THE British government announced yesterday a plan to help small and medium-sized businesses through the credit crunch by offering guarantees on 20 billion pounds (US$29 billion) in bank loans.

The guarantees will be for businesses deemed creditworthy and which have trouble accessing capital because of the global credit crunch, Business Secretary Peter Mandelson said.

The plan is the latest attempt by Prime Minister Gordon Brown, who is lagging in the polls and must fight an election within 18 months, to revive an economy ravaged by a global credit crunch, and follows a job initiative on Monday.

Surveys on Tuesday added to the gloom over the economy, showing retailers suffering the worst December on record, businesses slashing jobs and home sales slumping in one of the world's economies most exposed to a financial sector meltdown.

The new credit guarantees would involve an extension of the current loan guarantee and export credit guarantee schemes first unveiled in November.

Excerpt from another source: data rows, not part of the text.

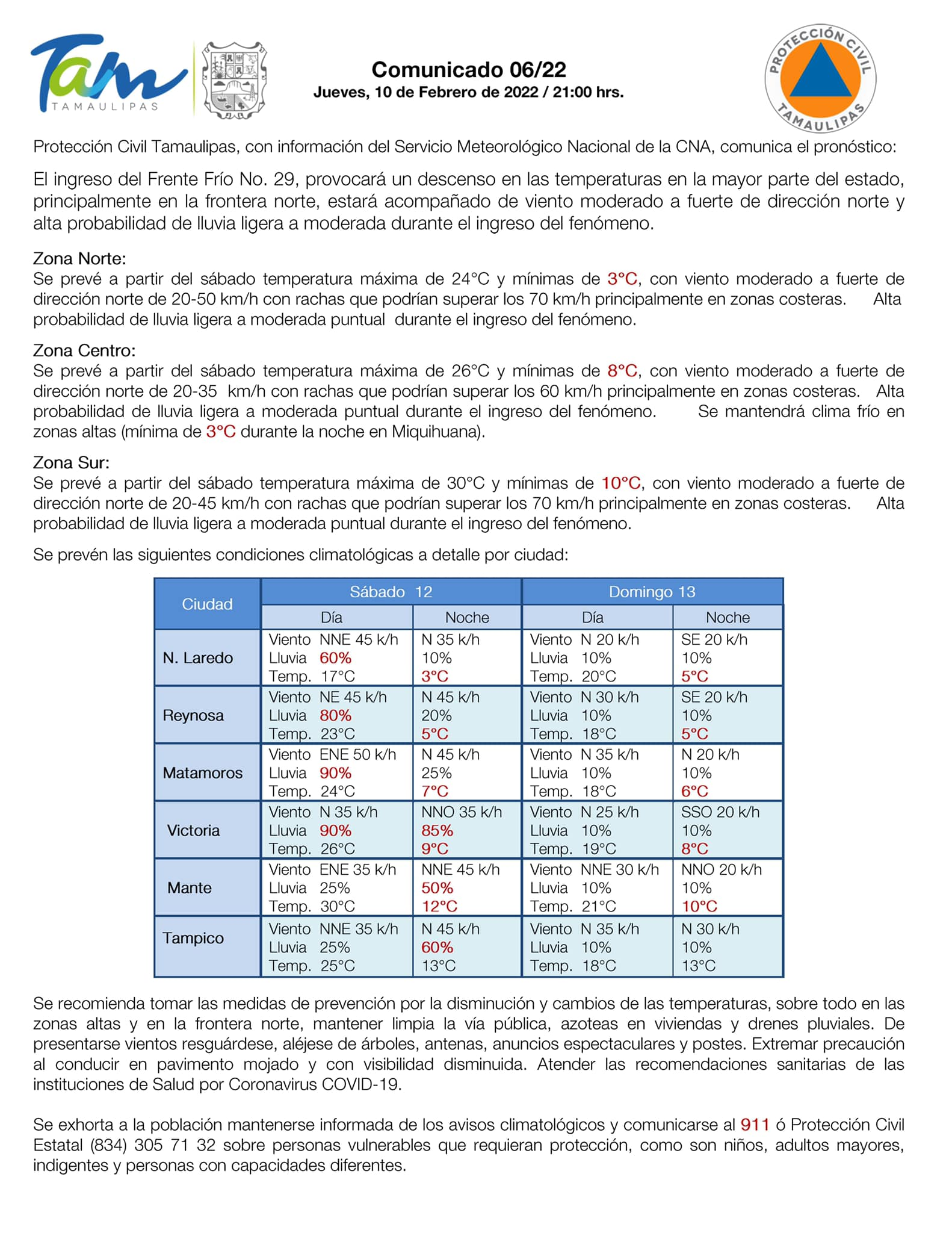 Para Ciudad Victoria y sus alrededores se pronostica para mañana sábado y el domingo una mínima de ocho grados y una máxima de 26, con viento moderado a fuerte de dirección norte de 20 a 35 kilómetros por hora y alta probabilidad de lluvia ligera a moderada puntual.
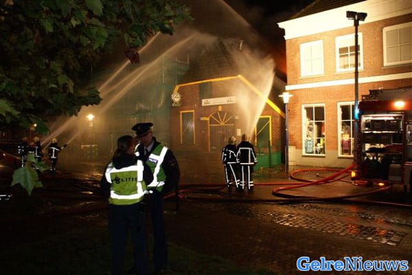 De brand werd rond tien voor elf ontdekt door een voorbijganger. De brandweer rukte met groot materieel uit.  Het was niet meteen duidelijk of er nog iemand in het café aanwezig was. Uit voorzorg kwam een ambulance ter plaatse. Onderzoek wees uit dat er niemand meer binnen was.  Al snel sloegen de vlammen uit het dak. De brandweer van Eibergen kreeg assistentie uit Neede, Winterswijk en Doetinchem. De brandweer kon voorkomen dat het vuur oversloeg naar omliggende panden.
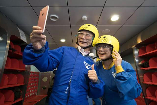 作为量子船系首创的甲板跳伞,每一天都能收获满满,热爱新鲜与挑战的人非常多,毕竟,只要年满3周岁的游客,就可以来挑战它!年龄没有上限,爷爷奶奶也能够玩得不亦乐乎,摆脱引力,感受飞翔的极限乐趣。
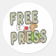 Free Press design mostra as palavras que estão sendo gritadas por um jornalista puxado à mão com touros - deixe-os falar!

The scheme would only cover existing lending rather than fund any expansion. But they would apply to slightly bigger companies, those which employ up to 250 people, and the 250,000-pound loan limit could rise to a million.

Not major risks

While the source said final details were still being worked out, the government could end up guaranteeing 10 billion pounds of companies' working capital. The guarantees could also be used to refinance debt worth double that.

"I am going to deliver real help which targets real need which is going to make a real difference," Business Minister Peter Mandelson said after a meeting with his cabinet colleagues on Tuesday.

The source said the scheme was designed so that banks would then be freed up from meeting the daily capital requirements of companies and would thus be able to lend to fund expansion and investment.

"These guarantees are not major risks," the source said.

Companies would pay a fee to the government for underwriting the debt and taxpayers would only be liable if firms default on loans that have been government-backed.